Fix race in spl_kmem_cache_reap_now()

The current code contains a race condition that triggers when bit 2 in spl.spl_kmem_cache_expire is set, spl_kmem_cache_reap_now() is invoked and another thread is concurrently accessing its magazine. spl_kmem_cache_reap_now() currently invokes spl_cache_flush() on each magazine in the same thread when bit 2 in spl.spl_kmem_cache_expire is set. This is unsafe because there is one magazine per CPU and the magazines are lockless, so it is impossible to guarentee that another CPU is not using its magazine when this function is called. The solution is to only touch the local CPU's magazine and leave other CPU's magazines to other CPUs. Reported-by: DHE Signed-off-by: Richard Yao <ryao@gentoo.org> Signed-off-by: Brian Behlendorf <behlendorf1@llnl.gov> Closes #274
2025-12-01 09:32:08 +03:00 · 2013-08-04 19:35:08 -04:00 · 2013-08-04 19:35:08 -04:00 · 251e7a779b
commit 251e7a779b
parent ba06298072
1 changed files with 5 additions and 5 deletions
--- a/module/spl/spl-kmem.c
+++ b/module/spl/spl-kmem.c
@ -2196,12 +2196,12 @@ spl_kmem_cache_reap_now(spl_kmem_cache_t *skc, int count)
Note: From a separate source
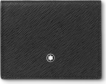 Richly textured Italian leather elevates a slender trifold card case marked with a bit of sharp branding.

 	/* Reclaim from the magazine then the slabs ignoring age and delay. */
 	if (spl_kmem_cache_expire & KMC_EXPIRE_MEM) {
 		spl_kmem_magazine_t *skm;
-		int i;
+		unsigned long irq_flags;
-		for_each_online_cpu(i) {
+		local_irq_save(irq_flags);
-			skm = skc->skc_mag[i];
+		skm = skc->skc_mag[smp_processor_id()];
-			spl_cache_flush(skc, skm, skm->skm_avail);
+		spl_cache_flush(skc, skm, skm->skm_avail);
-		}
+		local_irq_restore(irq_flags);
 	}
 	spl_slab_reclaim(skc, count, 1);